Миг бытия так краток - Алан Нурс 9 стр.


Помню, как он сделал вскрытие последней собаки на Земле. Четыре года Джордж чесал пса за ушами, вычесывая блох из хвоста, и слушал, как тот лает, а потом, в один прекрасный день, подозвал Рольфа к себе. Рольф подбежал рысью, неся в зубах кухонное полотенце, которым они всегда играли в перетягивание каната, и Джордж перетянул его очень близко к себе, сделал укол, а затем вскрыл. Он хотел изучить его, пока пес находился в расцвете сил. Скелет по-прежнему стоит в лаборатории. Он так же хотел растить своих детей — Марка, Дороти и Джима, в ящиках Скиннера, но Эллен каждый раз топала ногой (примерно так: бац! бац! бац!) в приступах материнской заботы, наступающих после очередной беременности и длившихся по меньшей мере месяц, чего вполне хватало, чтобы испортить те изначальные стимулы-предпосылки, которые хотел установить Джордж. Поэтому я не мог углядеть в нем действительно большого желания снять с меня мерку для деревянного спального мешка подземного типа. Если бы он хотел умертвить меня, то нашел бы какой-нибудь тонкий, быстрый и экзотический способ — что-нибудь вроде дивбанского кроличьего яда. Но нет, его это не особо интересовало, уж в этом-то я был уверен.

Сама Эллен, хотя она и способна на сильные чувства, всегда была, есть и будет неисправной заводной куклой. Прежде чем она переведет свои чувства в какие-то адекватные действия, всегда что-нибудь дзинькает, и на следующий день у нее такие же сильные чувства по какому-нибудь иному, часто совершенно противоположному поводу. Она высосала меня полностью еще тогда, в Порте, и, с ее точки зрения, тот роман тихо скончался.

У нее соболезнования получились примерно такими:

— Конрад, ты просто не представляешь, как я сожалею. Действительно. Хоть я никогда и не встречалась с ней, я знаю, какие ты должен испытывать чувства, — голос ее поднимался и опускался по гаммам, и я знал — она свято верит в то, что говорит, и поблагодарил и ее тоже.

Хасан подошел ко мне, когда я стоял там, глядя на внезапно вздувшийся и мутный от ила Нил. Мы постояли рядом какое-то время, а потом он сказал:

— Твоя женщина пропала, и у тебя тяжело на сердце. Словами не облегчить этой тяжести, а что написано, то написано. Но пусть будет занесено и то, что я горюю вместе с тобой.

Потом мы постояли еще какое-то время, и он ушел.

Насчет него я не предавался догадкам. Он был единственным лицом, кого можно было не принимать в расчет, хотя машину привела в движение его рука.
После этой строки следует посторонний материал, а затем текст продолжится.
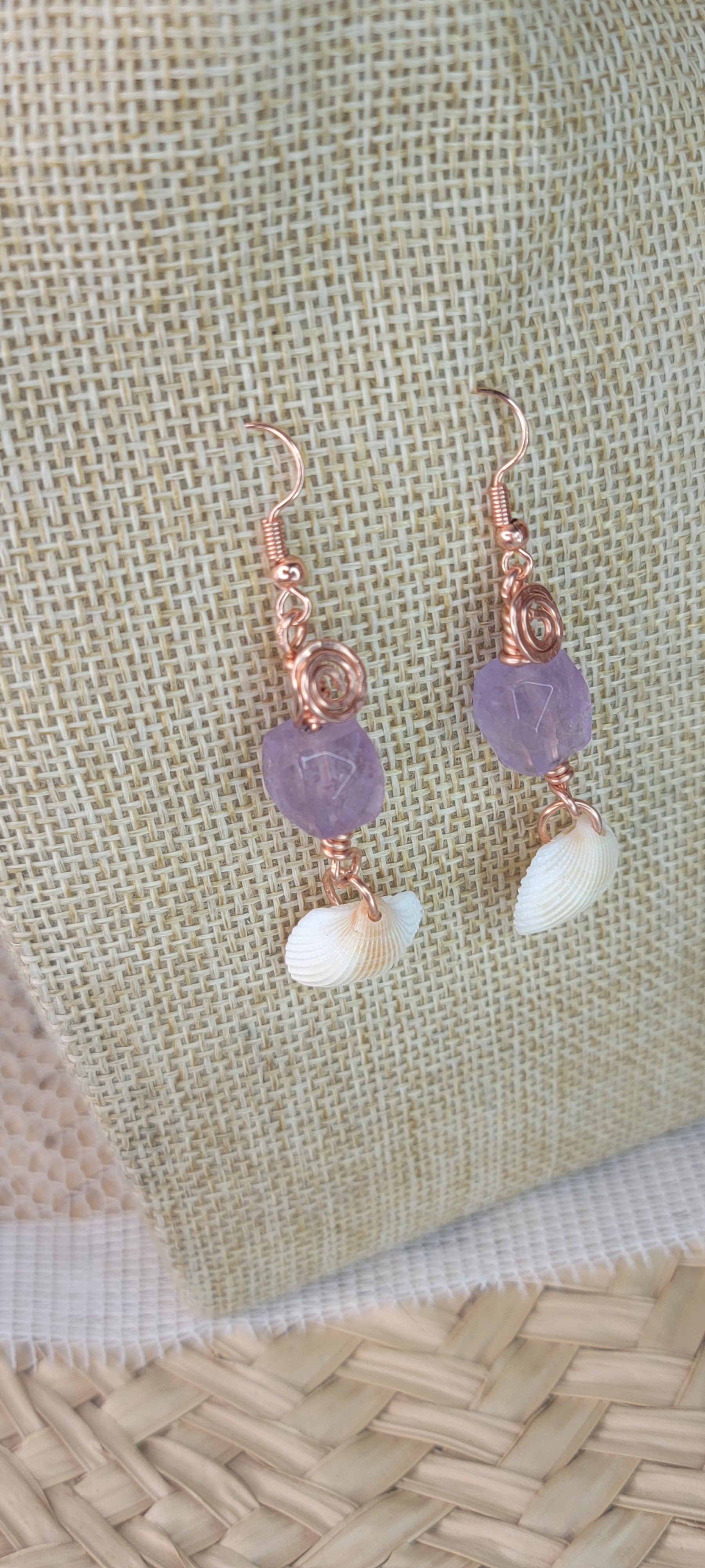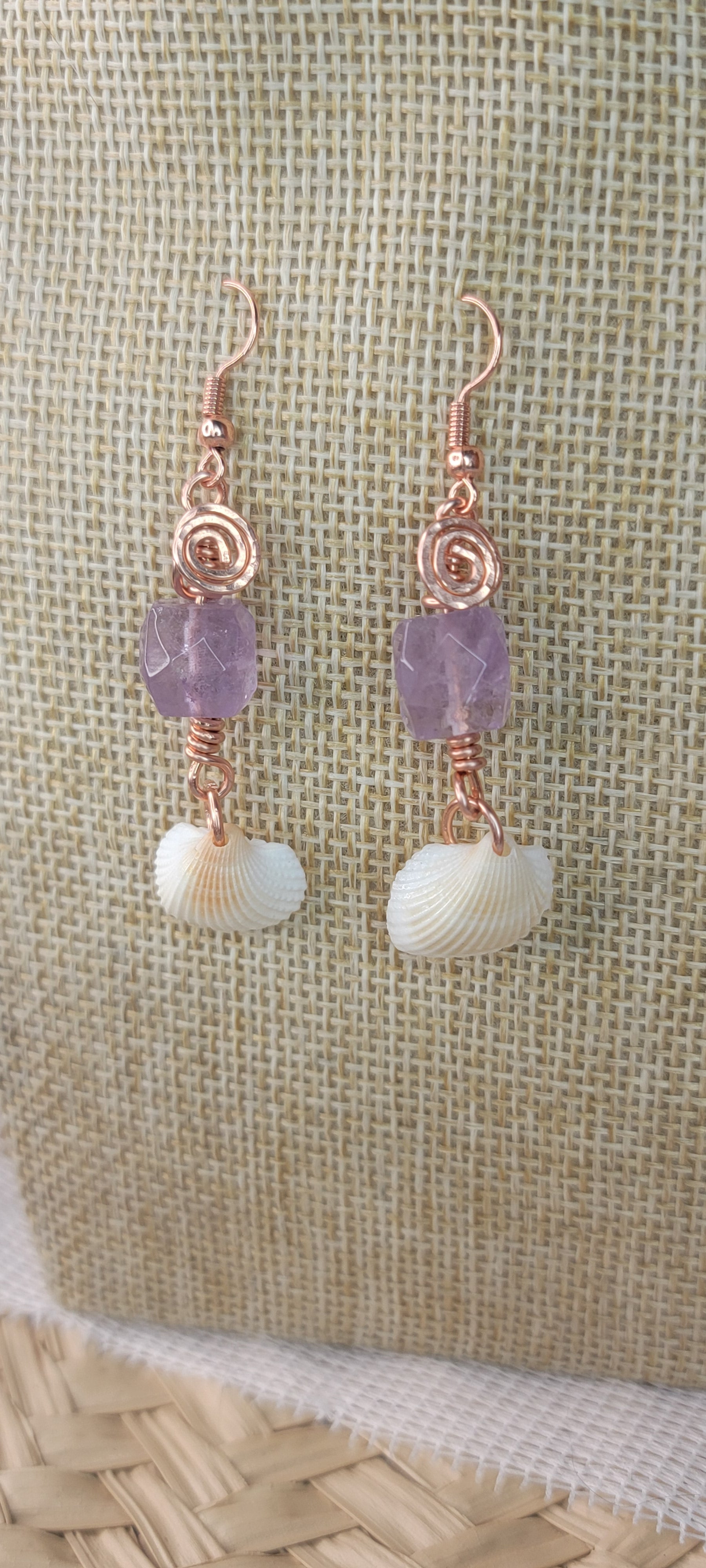 Embrace the tranquil beauty of nature with these wire-wrapped amethyst and seashell earrings. The harmonious blend of calming amethyst and delicate seashells offers a serene accessory that enhances your natural elegance, making each moment feel more connected and grounded. Perfect for expressing your unique style peacefully.
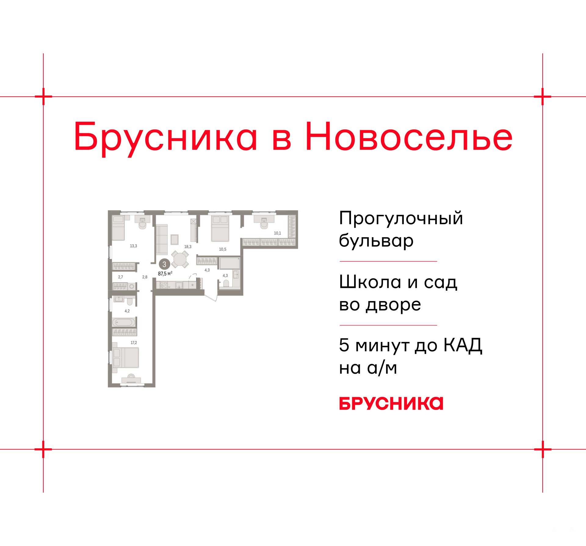 3-комн. квартира от застройщика с предчистовой отделкой в ЖК "Брусника в Новоселье" на 3 этаже. Общая площадь: 87.52 кв.м., жилая: 40.6 кв.м., площадь просторной кухни-столовой: 18.3 кв.м. Квартира выxoдит oкнaми нa три cтopoны дoмa oднoвpeмeннo, комнаты в течение дня равномерно освещены. В квартире два совмещенных санузла. Высота потолков 2.7 м.

Он никогда не держал ни на кого зла; никогда не убивал никого задаром. У него не было никаких личных мотивов убить меня. Я был уверен, что его соболезнования вполне искренние. Конечно, мое убийство не имело бы никакого отношения к искренности его чувств в подобном деле. Истинный профессионал должен чтить какую-никакую границу между собой и заданием.

Миштиго не высказал никаких слов сочувствия. У веганцев смерть — время веселья. В духовном плане она означает сагл — завершение, фрагментацию души на маленькие, ощущающие удовольствие корпускулы, рассеивающиеся повсюду для участия в великом вселенском оргазме; а на материальном уровне ее представляет ансакундабадт — церемониальная проверка большей части личных исповедей покойного, зачтение его завещания и разделение его богатства, сопровождаемое пышными пирами, песнопением и возлияниями.

Дос Сантос мне сказал:

— Случившееся с вами очень печально, мой друг. Потерять любимую женщину — все равно что потерять кровь из собственных жил. Горе ваше велико, и его нельзя утишить. Оно — как тлеющий костер, что никак не погаснет. Это печально и ужасно.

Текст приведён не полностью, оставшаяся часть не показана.